What is expected = Leave out every picture, and output exactly the lines from the line containing "Ride the wave" through the last line of the data.

Data shown =
____
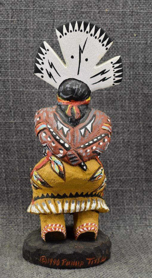 1990 Apache, carved and painted wood depicting Gan Dancer by Phillip Titla 7.5" tall
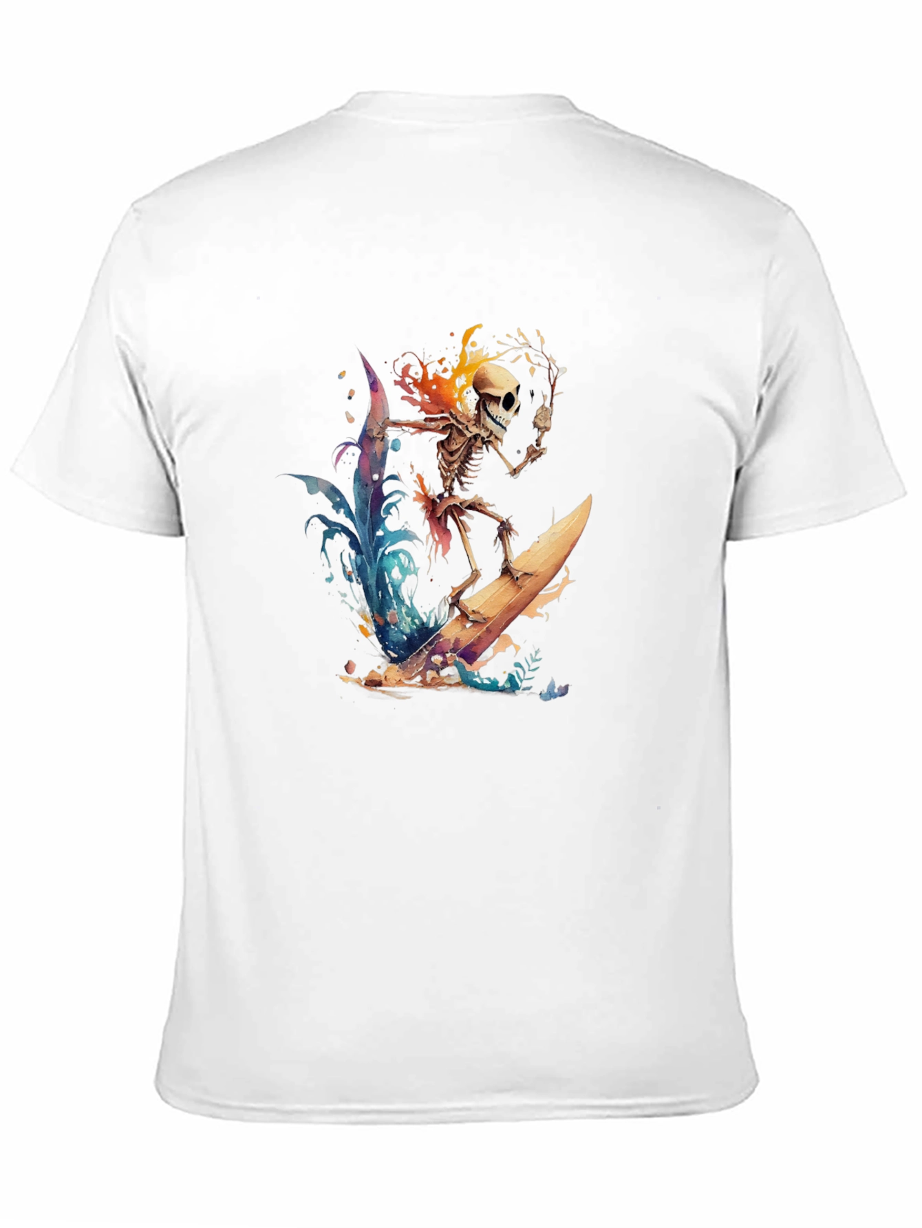 Ride the wave of style with this unique t-shirt featuring a skeleton surfer! The design showcases a detailed skeleton riding a surfboard amidst vibrant watercolor-style waves and flames. The dynamic and eye-catching graphic print makes this shirt a standout piece. Made from comfortable, breathable fabric, this t-shirt is perfect for casual wear, beach outings, or as a statement piece in your wardrobe. Embrace the edgy yet artistic vibe with this skeleton surfing t-shirt – ideal for those who love surf culture and unique artwork.
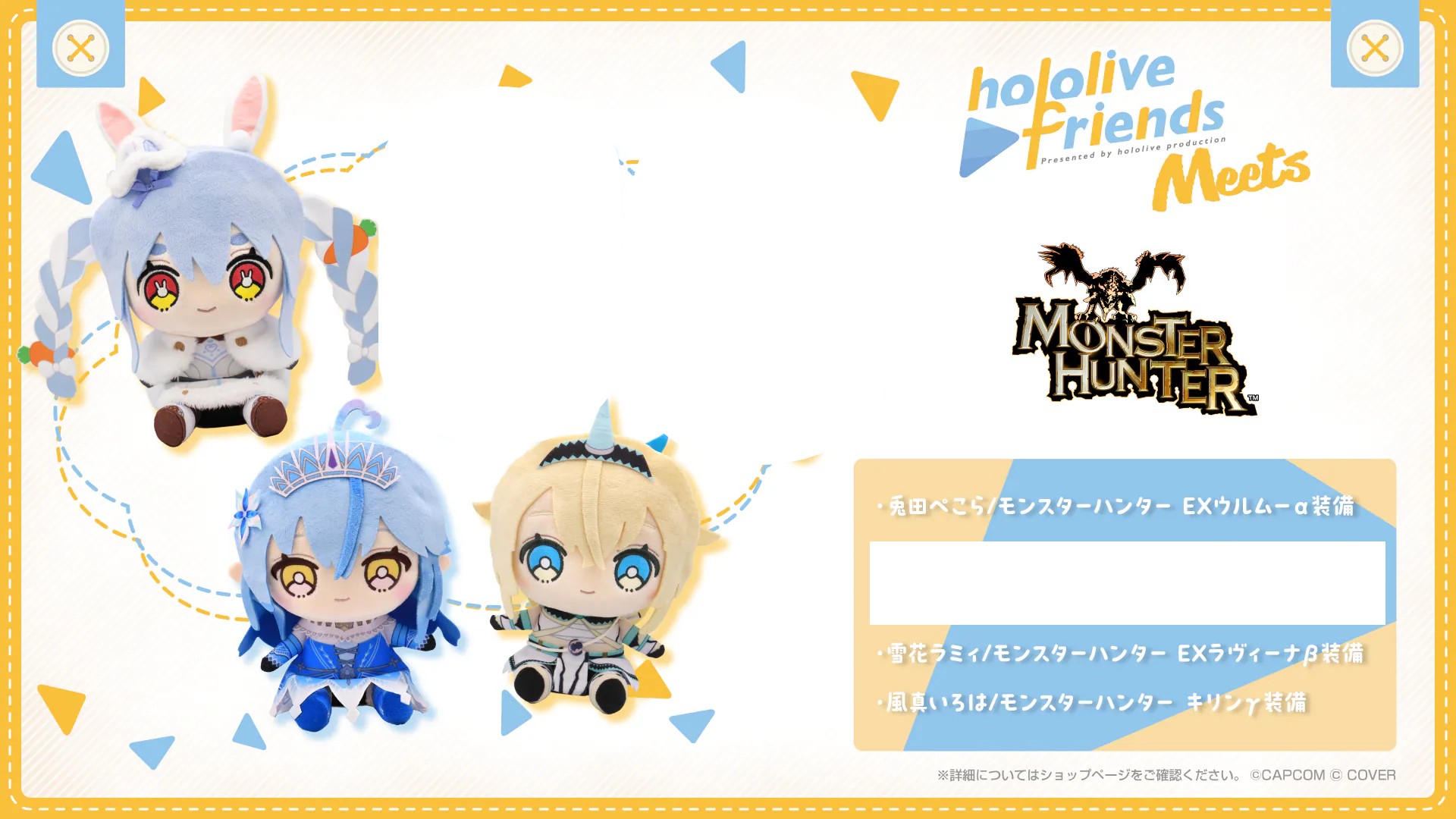 HOLOLIVE FRIENDS MEETS MONSTER HUNTER 魔物獵人 兔田佩克拉 EX 浮空龍α裝 雪花菈米 冰咒龍β裝 風真伊呂波 麒麟γ裝 公仔 毛公仔
____
Your solution =
 Ride the wave of style with this unique t-shirt featuring a skeleton surfer! The design showcases a detailed skeleton riding a surfboard amidst vibrant watercolor-style waves and flames. The dynamic and eye-catching graphic print makes this shirt a standout piece. Made from comfortable, breathable fabric, this t-shirt is perfect for casual wear, beach outings, or as a statement piece in your wardrobe. Embrace the edgy yet artistic vibe with this skeleton surfing t-shirt – ideal for those who love surf culture and unique artwork.
 HOLOLIVE FRIENDS MEETS MONSTER HUNTER 魔物獵人 兔田佩克拉 EX 浮空龍α裝 雪花菈米 冰咒龍β裝 風真伊呂波 麒麟γ裝 公仔 毛公仔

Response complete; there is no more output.